Thursday, February 7, 2013

Above All Angst, is Love

By: Alex 
Art by Alex 
It’s incredible to feel like a paradox—to feel so completely one way but also so much the opposite. When I say this feeling is incredible, I don’t mean that it’s a great feeling, because most of the time it’s not. But it’s an incredible feeling because it’s so unbelievable that we can feel so strongly on two sides of a spectrum. This paradoxical feeling is what I identify as the greatest basis of angst.  

Though it sounds unbelievable, feeling like a paradox is not uncommon, and when thinking about these feelings, I can’t help but express my love for the most wonderful and tragic example of a paradoxical character-- the misunderstood and brilliant Donnie Darko.

A lovely movie from my era, Donnie Darko, tells a story of growing up, self-evaluation, and (I know it’s crazy) time travel. But at the heart of this film is the struggle of an all too relatable character, Donnie. We realize that his biggest flaw are his paradoxical feelings, trying to understand how he can feel so connected to everyone around him, yet disconnected from what matters most. Because of these anxieties, Donnie is determined to prove that love, the feeling of belonging somewhere, is not just an uncertainty.

Although this movie is depressing, I see a silver lining to its darkness. Though Donnie’s inner turmoil is almost enough to make us feel physical pain, we realize that through his struggles, he’s learned a lesson. In the truest sense of angst, Donnie is surrounded with people who don’t understand him.

But in even the most misunderstood situations, we know that there are people who matter most that can help us through it. Donnie finds solace in a few people he meets, like his girlfriend or his English teacher. And through them, he doesn’t feel so alone. It’s a lot easier to get through a hard time when we realize we have someone around to help us through it.

But just because Donnie has these people in his life that he can trust doesn’t make everything better. He is still faced with everyday challenges that only he can solve. He realizes that it is possible to feel so much like a paradox and that there are some answers, though important, that don’t come to us right away.

Donnie gives us the reality of what some of us cannot accept. Though our problems may not always have an answer, we can find ways to deal with them. Donnie doesn’t have the closure that we all want. He doesn’t know that it’s all going to be okay, as these paradoxical feelings continue to plague his mind. But what I see as the most optimistic element of this story is the truth to it.

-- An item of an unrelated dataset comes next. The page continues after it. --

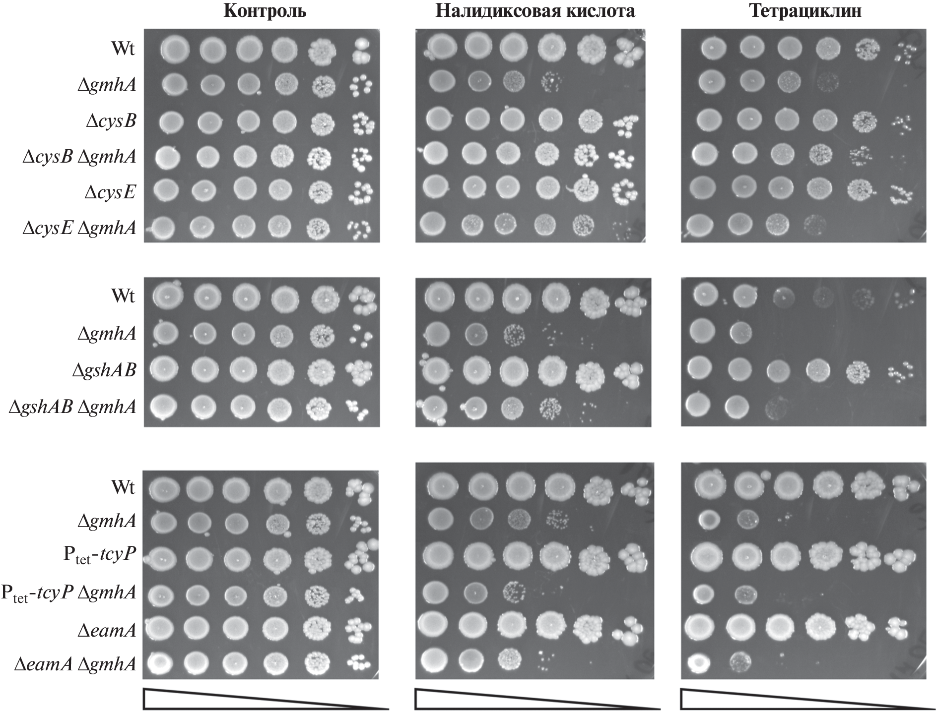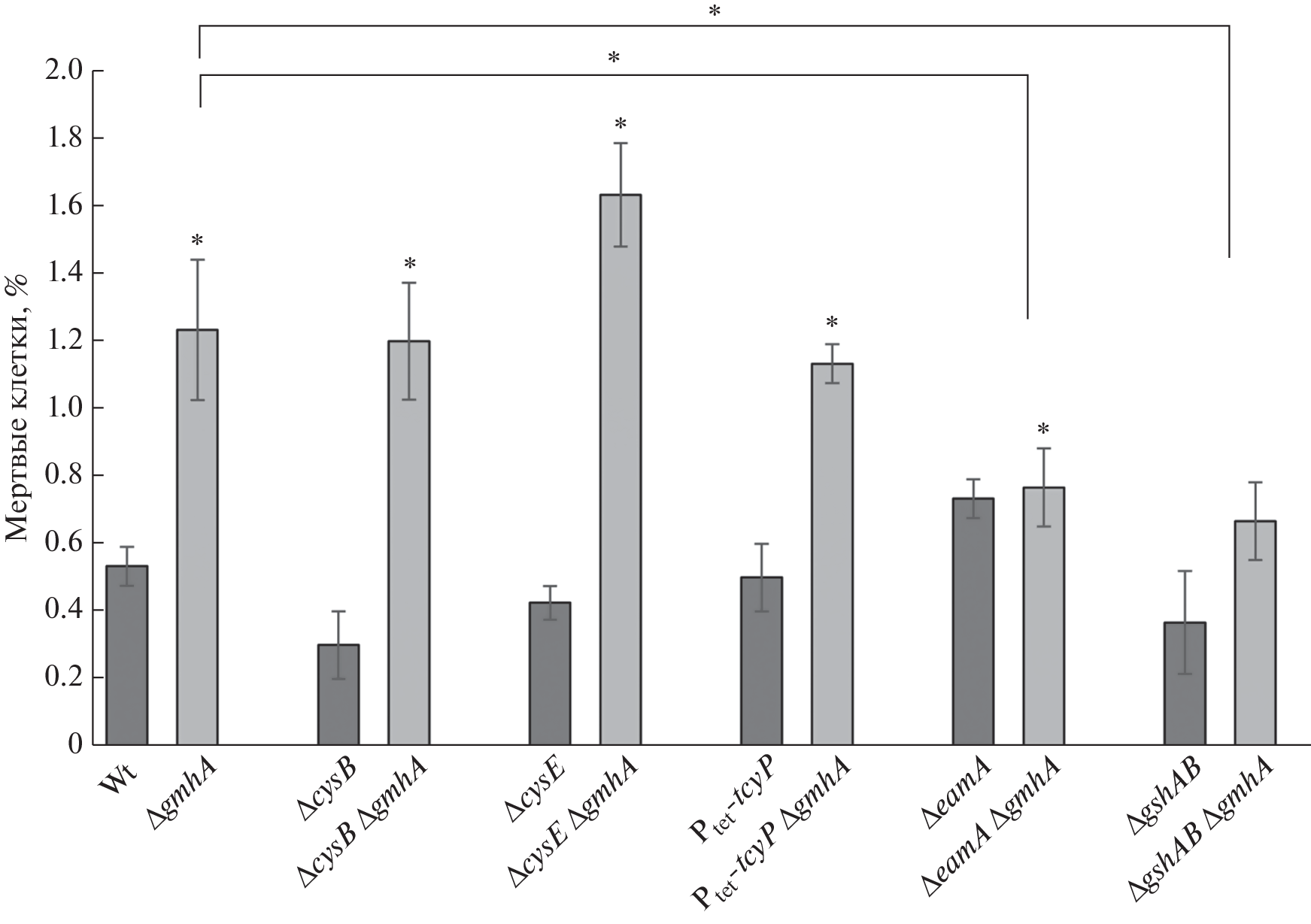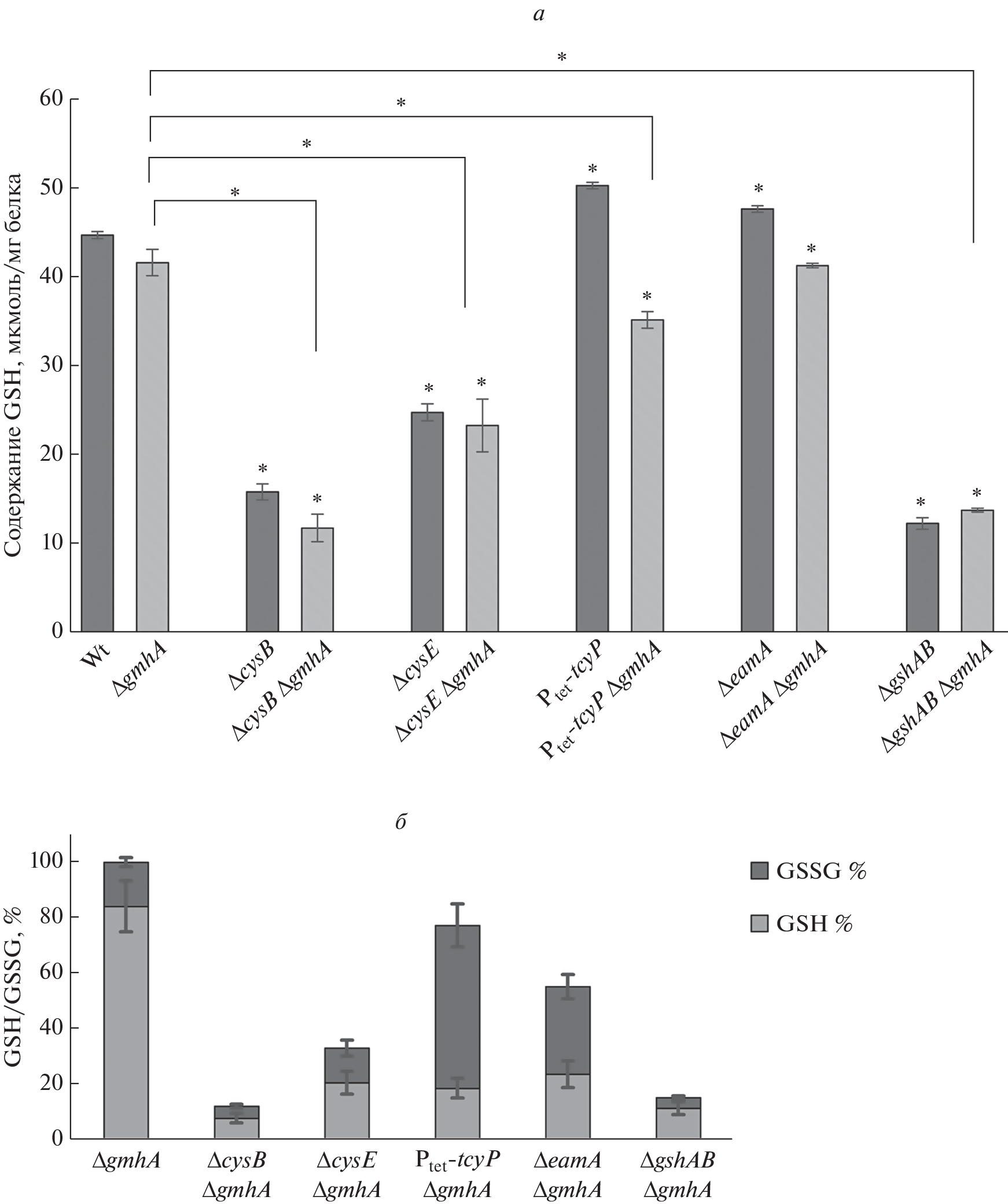 Low molecular weight thiols as glutathione and cysteine are an important part of the cell’s redox regulation system. Previously, we have shown that inactivation of ADP-heptose synthesis in Escherichia coli during gmhA deletion induces the oxidative stress. It is accompanied by rearrangement of thiol homeostasis and increased sensitivity to antibiotics. In our study, we found that restriction of cysteine metabolism (∆cysB and ∆cysE) and inhibition of glutathione synthesis (∆gshAB) lead to a decrease in the sensitivity of the ∆gmhA mutant to antibiotics but not to its expected increase. At the same time, blocking of the export of cysteine (∆eamA) or increasing the of the import (Ptet-tcyP) into cells of oxidized form of cysteine -cystine leads to an even greater increase in the sensitivity of gmhA-deleted cells to antibiotics. In addition, there is no correlation between the cytotoxic effect of antibiotics and the level of reactive oxygen species (ROS), the total pool of thiols or the viability of the initial cell population. However, a correlation between the sensitivity to antibiotics and the level of oxidized glutathione in cells was found in our study. Apparently, a decrease in the content of low molecular weight thiols saves NADPH equivalents and limits the processes of protein redox modification. It leads to increasing of resistance of the ∆gmhA strain to antibiotics. On the contrary, an increase in low molecular weight thiols levels requires a greater expenditure of cell resources, leads to an increase in oxidized glutathione and induces to greater increase in sensitivity of the ∆gmhA strain to antibiotics.

By the end, Donnie realizes that living without the ones he loves isn’t worth living at all. Though he doesn’t have it all figured out, he realizes that love can overcome any uncertainty and make us, even for a moment, truly happy. We can be a paradox and still feel love, and that’s the beautiful thing. As we grow up and question things, the only real way to live is through feeling these conflicting emotions. There’s no way we could have it all figured out. We don’t have to be completely happy or completely sad all the time to be connected with others in our lives. It’s okay to live and feel whatever way we do, and through living, we will learn to love.